Item Add-ons
Some items are not sold plain. A coffee comes with choices of milk and sugar; a shirt comes in sizes and colours; a meal comes with extras. Add-ons let the cashier capture those choices when the item is added, so the order — and the kitchen ticket — is exactly what the customer asked for.
How it works at the counter
When you add an item that has add-ons configured, the add-ons dialog opens automatically. It presents the choices in tidy, titled groups, and you tap your way through before confirming the item onto the invoice.
An item can have up to ten groups of add-ons, each with its own title in the POS — "Milk", "Sugar", "Extras", "Sauce", whatever fits. For each group your business decides:
- Single or multiple choice — pick exactly one (like a size) or several (like toppings).

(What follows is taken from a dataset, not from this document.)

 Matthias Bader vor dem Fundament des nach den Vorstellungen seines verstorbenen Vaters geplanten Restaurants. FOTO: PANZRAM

- Required or optional — a required group must be answered before you can confirm. Try to skip it and the dialog stops you.

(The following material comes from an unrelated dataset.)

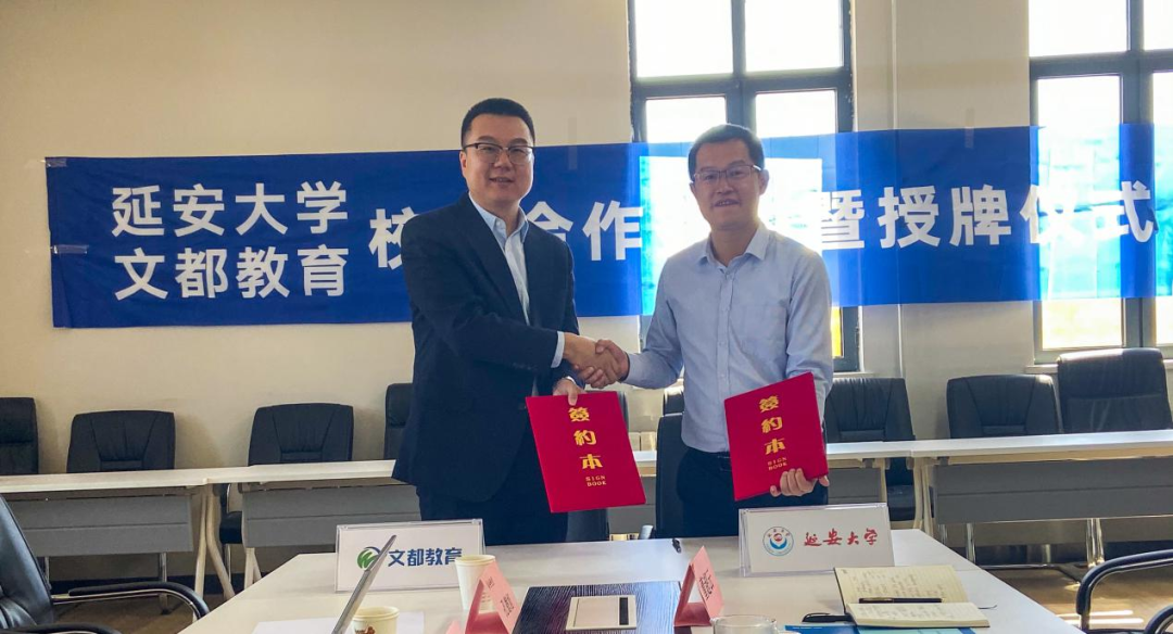 5月27日,文都教育與延安大學(xué)簽訂校企合作協(xié)議,共同致力于大學(xué)生能力提升。延安大學(xué)學(xué)工部副部長趙鵬飛,文都集團(tuán)總校長助理侯冬超參加簽約儀式。

- A default choice — a group can come pre-selected with the most common option, so the cashier only changes it when the customer asks for something different.
- Search and browse buttons — for groups with many options, so a long list stays manageable.
Sizes, colours and revisions
Beyond free-form groups, an item can also offer its built-in sizes, colours, and revisions (variants) as choices in the same dialog. Each can be shown by name, by code, or both, and in the order your business prefers. This is how a clothing store rings up "blue, medium" or a workshop picks the right variant of a part.
A note on free items
Add-ons are about choices on an item you are selling. They are different from free items — the "buy one, get one free" kind of promotion — which have their own behaviour around when the free line appears and how it is reconciled at payment. That is covered separately in Free items in POS.
Keep groups sensible
A few well-named groups beat a dozen crowded ones. Put the common extras first, make only the genuinely essential groups required, and turn on the search button only where a group is long enough to need it — the cashier will thank you on a busy night.